L’inaction du gouvernement Legault décriée
Le budget Girard n’a présenté aucune nouvelle mesure pour développer le logement social et stimuler les mises en chantier. Selon des acteurs du secteur de l’habitation, la gravité de la situation appelait pourtant à donner un vrai coup d’accélérateur face à une crise qui ne cesse, chaque jour, de prendre de l’ampleur.
Annoncé pour l’automne dernier, puis remis à plus tard, par la ministre responsable de l’Habitation, France-Élaine Duranceau, le plan d’action gouvernementale tant espéré risque de se faire attendre encore un moment. Le budget présenté par le ministre des Finances Eric Girard pour 2024-2025 n’apporte aucune véritable solution nouvelle pour redresser au plus vite la barre, estime le Front d’action populaire en réaménagement urbain (FRAPRU). Alors que le temps presse, le cabinet de François Legault ne semble toujours pas avoir inscrit la crise du logement dans ses priorités, observe-t-il.
« Il n’y a absolument rien dans ce budget pour financer un programme ambitieux. C’est un peu le signal, à notre avis, que ce plan d’action est relégué aux oubliettes », déplore Véronique Laflamme, porte-parole du FRAPRU. « Le gouvernement du Québec n’a toujours pas de programme dédié au logement social qui fonctionne en 2024. C’est désolant. C’est ce qui manque aujourd’hui pour accélérer la cadence. »
Espoir déçu
Le gouvernement Legault s’est arrêté à ce qui avait déjà été annoncé lors de la mise à jour économique de novembre. À savoir la construction, dans les quatre prochaines années, de 8000 logements sociaux et abordables à la suite de l’entente conclue entre Québec et Ottawa pour débloquer des fonds de 1,8 milliard. Or, selon le FRAPRU, le retard accumulé exigeait certainement de fournir encore de nouveaux efforts, plutôt que de se contenter de ce rattrapage.

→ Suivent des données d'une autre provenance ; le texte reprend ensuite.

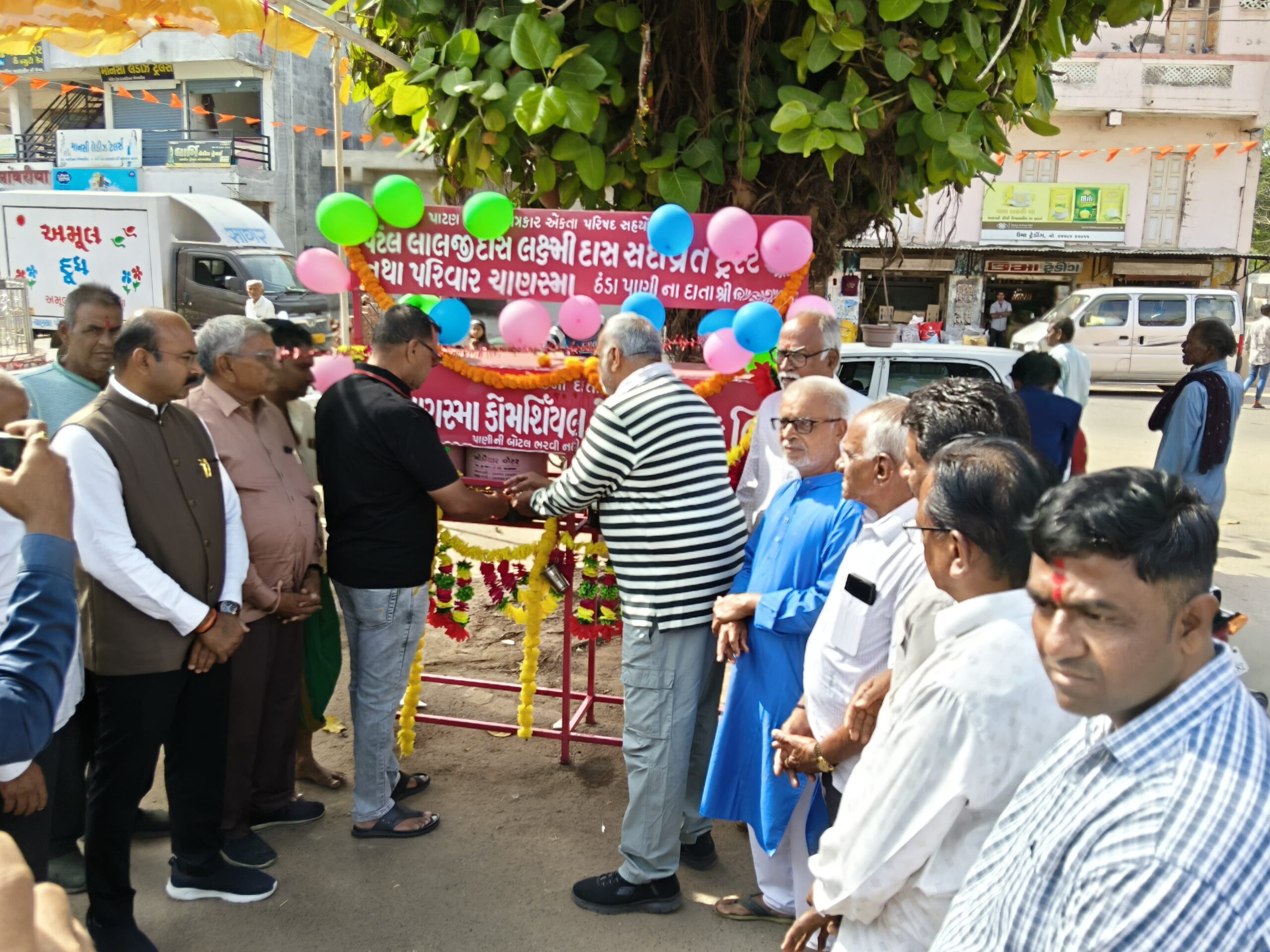 પાટણ જિલ્લાના ચાણસ્મા ખાતે ઉનાળાની શરૂઆત સાથે માનવસેવા અને જીવદયાને કેન્દ્રમાં રાખીને પત્રકાર એકતા પરિષદ તથા દાતાશ્રીઓના સહયોગથી જનહિતનું સરાહનીય કાર્ય હાથ ધરવામાં આવ્યું હતું. ચાણસ્માના પશાભાઈની ઓફિસ પાસે આવેલા ચોકમાં તેમજ સરદાર ચોક ખાતે ઠંડા પાણીના બે પરબનું લોકાર્પણ કરી લોકસેવાનો પ્રારંભ કરવામાં આવ્યો હતો. આ પ્રસંગે “પાણીના પાંચ પુણ્ય” જેવી કહેવતને સાચા અર્થમાં સાકાર કરતું સેવાકાર્ય જોવા મળ્યું હતું.ઉનાળાની તીવ્ર ગરમી વચ્ચે રાહદારીઓ, મુસાફરો, વેપારીઓ અને સામાન્ય નાગરિકોને પીવાનું ઠંડું પાણી સરળતાથી ઉપલબ્ધ બને તે હેતુથી બંને સ્થળોએ પાણીના પરબ જાહેર જનતા માટે ખુલ્લા મુકવામાં આવ્યા હતા. લોકો માટે ઉપયોગી બની રહે તેવી આ વ્યવસ્થા પત્રકાર એકતા પરિષદ અને સમાજહિતચિંતક દાતાઓના સહકારથી ઉભી કરવામાં આવી હતી. પાણી જેવી મૂળભૂત જરૂરિયાતને સેવા રૂપે સમાજને અર્પણ કરવાનો આ પ્રયાસ સ્થાનિક સ્તરે પ્રશંસનીય બન્યો હતો.

« On assiste à un effritement du parc de logements locatifs encore abordables. Dans ce contexte, comme plusieurs, on espérait qu’il y ait enfin dans le budget un objectif clair de développement du logement social sur plusieurs années », réagit Mme Laflamme. « Malheureusement, on a l’impression qu’on fait du surplace. Depuis l’arrivée de la CAQ au pouvoir, on prévoit au compte-gouttes, budget après budget, de nouveaux logements sociaux et abordables. C’est extrêmement inquiétant. »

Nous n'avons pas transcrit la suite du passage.